Prime minister says proceedings may have unacceptable influence on political system before elections

Prime Minister Benjamin Netanyahu with his wife, Sara, in an undated photo (photo credit: Amos Ben Gershom/Flash90, File)
Prime Minister Benjamin Netanyahu with his wife, Sara, in an undated photo (photo credit: Amos Ben Gershom/Flash90, File)

Prime Minister Benjamin Netanyahu submitted a request Friday to postpone until after the March 2015 elections the court proceedings and testimony hearings in a lawsuit filed by the Netanyahus’ former house manager.

Sara Netanyahu must testify in the case in which Menny Naftali accused her of abuse, the Jerusalem Labor Court ruled this week.

“In order to avoid an unacceptable influence on the political system, deliberations must be postponed due to the upcoming elections,” the Friday request from Netanyahu read, according to Ynet.

Naftali’s lawyers opposed the move, saying the court must not take into account political considerations. These were irrelevant in a labor court, according to the  attorneys.

Naftali filed a complaint against his former employers in March, providing extensive descriptions of humiliation, racist remarks and angry outbursts that he allegedly suffered at the hands of Sara Netanyahu. Naftali is suing the prime minister for NIS 1 million ($260,000) in damages.

Naftali also alleged that the Netanyahus did not meet certain financial obligations regarding his employment and that he was not compensated for irregular hours or workdays.

The Netanyahus denied the allegations in early June, and claimed that Naftali lashed out violently against other workers. They said that Naftali was well aware of the special circumstances the job entailed, including the unusual work hours and constant availability, and had agreed to comply with the terms prior to accepting the position.

Menny Naftali (photo credit: screenshot via Channel 2)
Menny Naftali (photo credit: screenshot via Channel 2)

“The house manager in the home of the prime minister must, as part of the position, be available to work for many hours,” their statement read.

The statement also asserted that Naftali had chosen to sleep over in the residence at times that his presence was not necessary, such as when the family was abroad, and subsequently billed the prime minister’s residence for many extra hours of work.

They claimed that Naftali had never complained about any purported abuse, not even in his letter of resignation. It stated that the ex-custodian had said that he was quitting because he was not granted a permanent position.

The Netanyahus reserved the right to sue Naftali for damages and legal fees, they said.
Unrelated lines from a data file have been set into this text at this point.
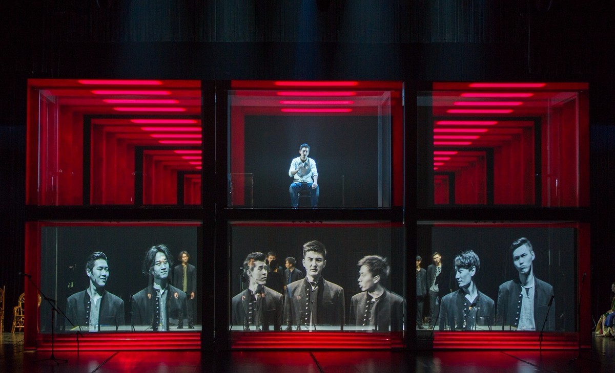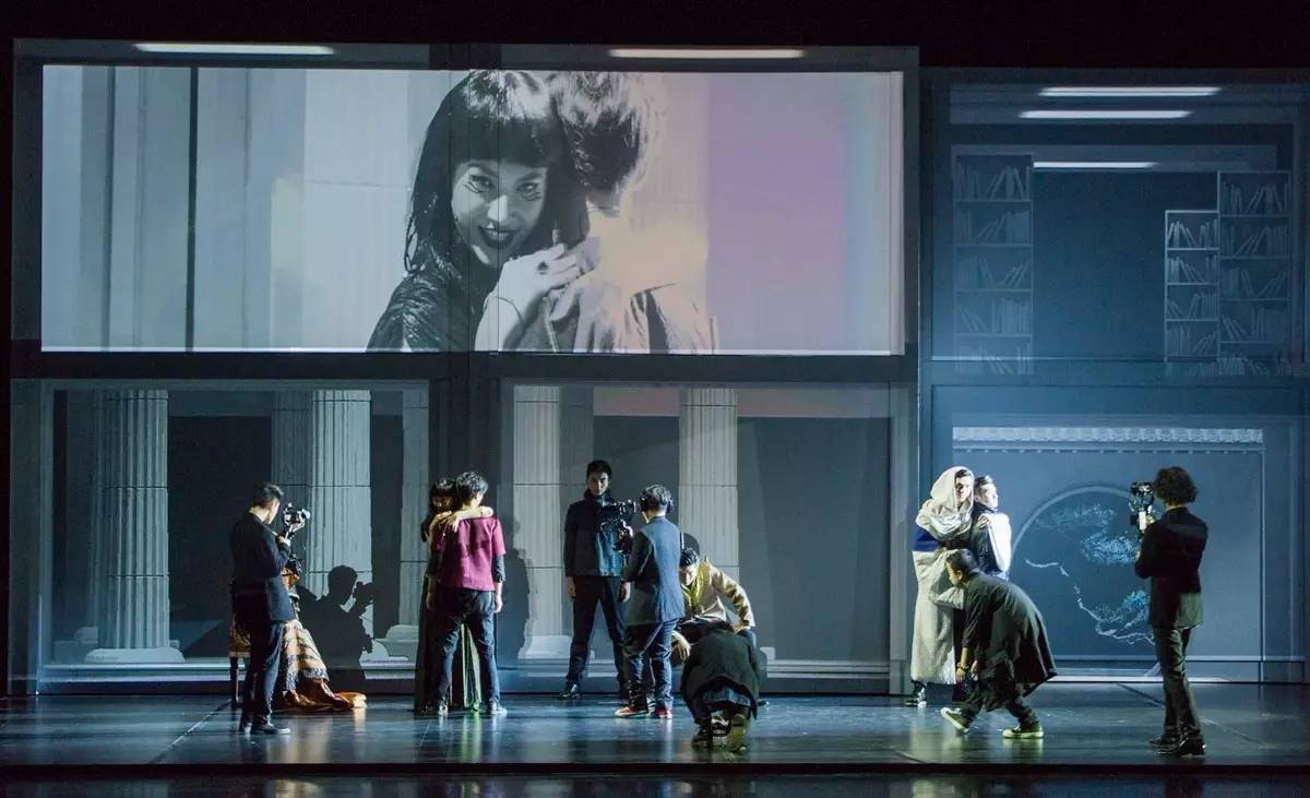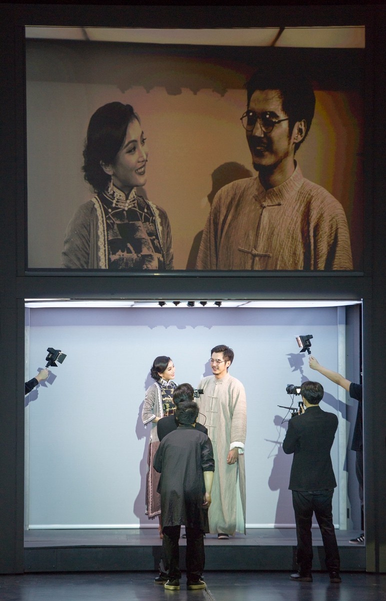 原版的舞台几乎是“空的空间”,可暗可亮的移动灯箱及屏风是主要道具,新版的舞台主体,是六个可移动的抽象空间组建的两层盒子,遮挡的纱幕可以“透视”人物关系,投射图文、视频等历史文献及实时影像,也会升起将空间让位于田汉与几位女性相处的时光,随时等待摄影机步上前来,将细枝末节向台下同步坦诚。近几年因英国知名女导演凯蒂•米歇尔的《朱莉小姐》而为国内戏剧人认知并频频使用,却屡屡乱了阵脚的“即时摄影”,在新版《狂飙》里以或舒缓或急遽的流畅拍摄与剪辑,真正做到与中国戏剧相得益彰的结合。台上逶迤而行的八台摄影机对舞美空间的切割与重组、情节张力的补充与连缀、表演情绪的放大与递进,恰到好处令人难忘。
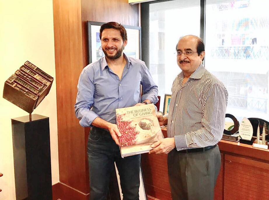 Shahid Afridi says Great meeting Jahangir Siddiqui & Kamran Nasir of JS Group endorsement to SAFoundation vision & pledge is encouraging to ensure their support.
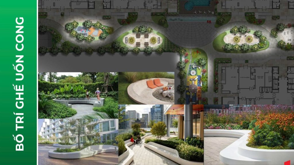 Bố trí ghế uốn cong nghệ thuật kết hợp mảng xanh, tạo không gian thư giãn hiện đại và gần gũi với thiên nhiên.
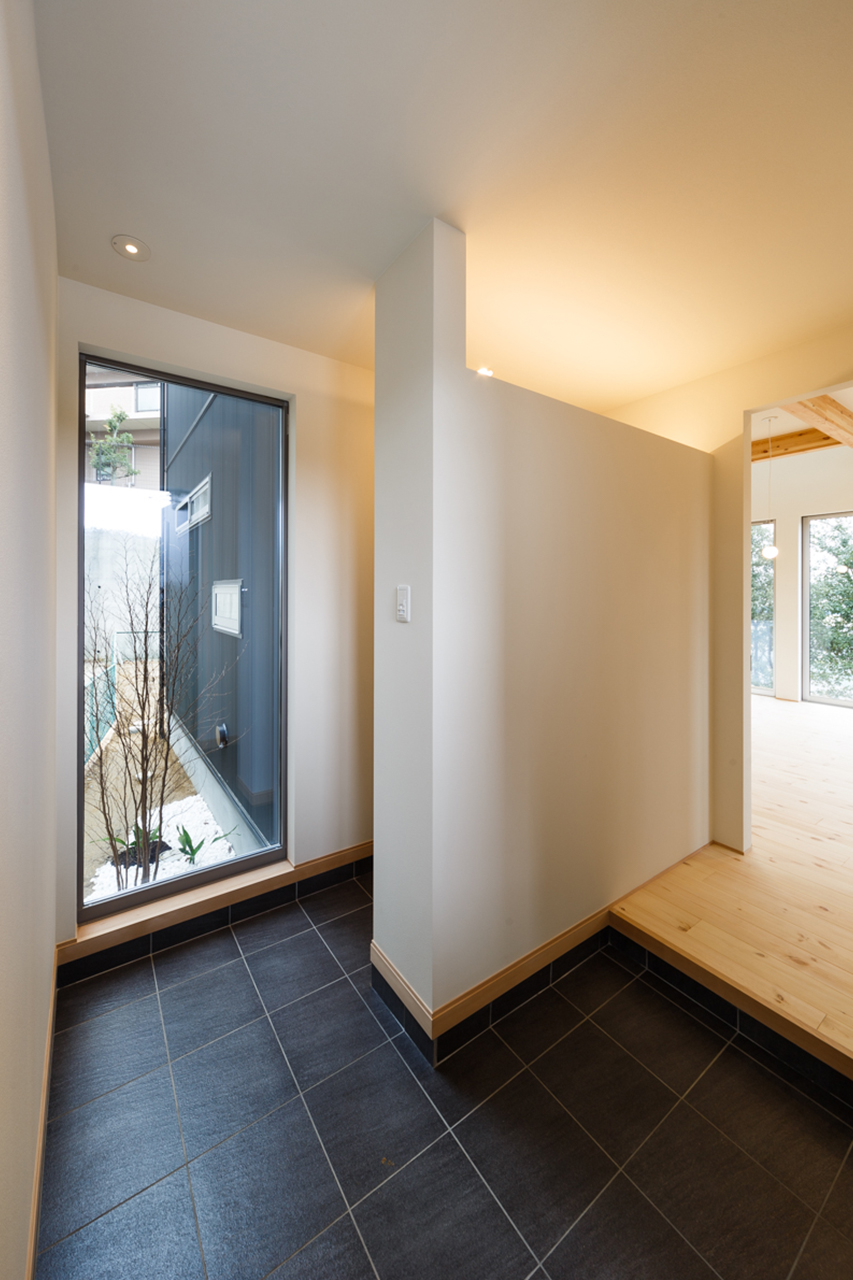 玄関まわりにも無垢材を取り入れ、帰宅した瞬間からぬくもりを感じられる空間に。

Among the instances cited in the original complaint, Naftali recounted that Sara Netanyahu once woke him at 3 a.m. to yell at him for buying milk in a bag, not a carton. When he noted the hour and Netanyahu’s tone, he was allegedly told, by the prime minister himself, to comply with all of her wishes “so that she calms down.”
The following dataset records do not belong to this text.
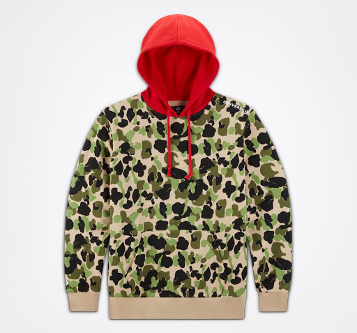 Dành cho những bạn trẻ yêu thích họa tiết camo rằn ri đây ạ, chiếc áo mang tên Camo Block Graphic Pullover Hoodie này hội tụ đủ những yếu tố mà các bạn trẻ yêu thích. Từ họa tiết độc đáo, trẻ trung, chiếc mũ đằng sau lưng cũng được các nhà thiết kế của Converse tạo ra điểm nhấn với tông màu đỏ nổi bật. Phía sau lưng của chiếc áo cũng được in logo mặt cười quen thuộc của Converse.
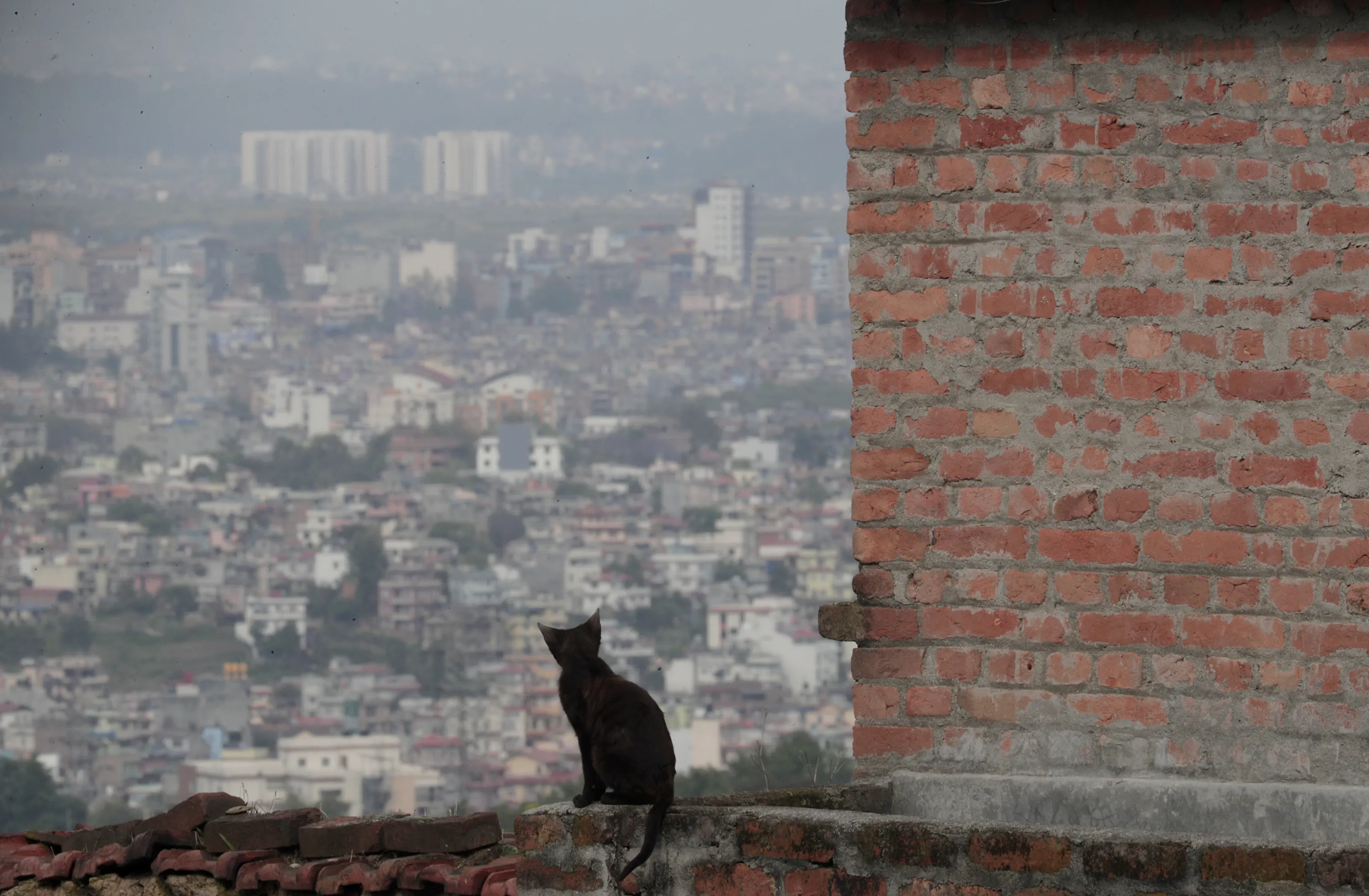 A cat sits on the balcony of a house during lockdown to control the spread of the new coronavirus in Kathmandu, Nepal, Friday, May 1, 2020. Nepal has extended the lockdown to May 7 and closure of the international border to May 13. (Photo by Niranjan Shrestha/AP Photo)
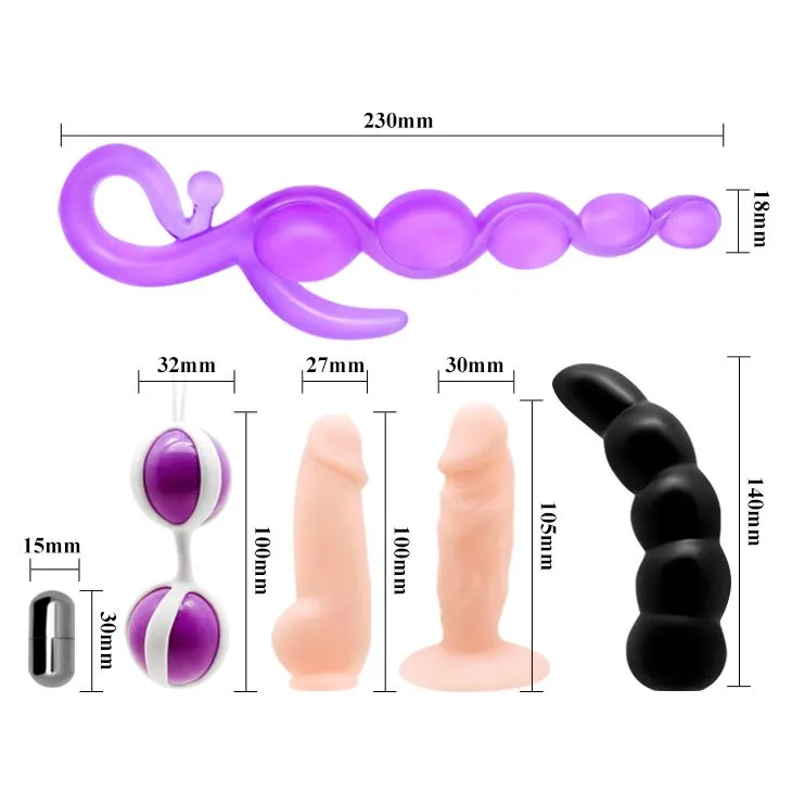 В набор входят: виброяйцо серебристое( диаметр:1,5 см х длина:3,5 см), вагинальные шарики розовые(диаметр 3,2 см х Длина 10см.), анальный стимулятор синий(длина:23см х диаметр:1,8 см), Анальная насадка розовый рельефная(длина: 14см). Насадка анальная розовая в виде фалоса ( длина:10см. х диаметр: 2,7см),Насадка анальная телесная в виде фалоса ( длина:10,5см х диаметр:3см)

In another incident described in the complaint, Sara Netanyahu allegedly came into a room and saw that a vase was filled with flowers that were not fresh. According to Naftali, she knocked the vase to the ground while yelling at him and telling him that he was a bad house manager, and that “something like that would not happen in the Elysee Palace.”

Responding to the Netanyahus’ counterclaims, Naftali’s attorney, Naomi Landau, said in a statement that they did not address many of the outstanding allegations in the original complaint.

“Instead of grappling with the claims of non-payment, harsh and degrading treatment, abuse and more, they chose to deflect the debate by raising false allegations of violence that is unrelated to the lawsuit against them, and whose entire purpose is to defame the plaintiff,” Landau said.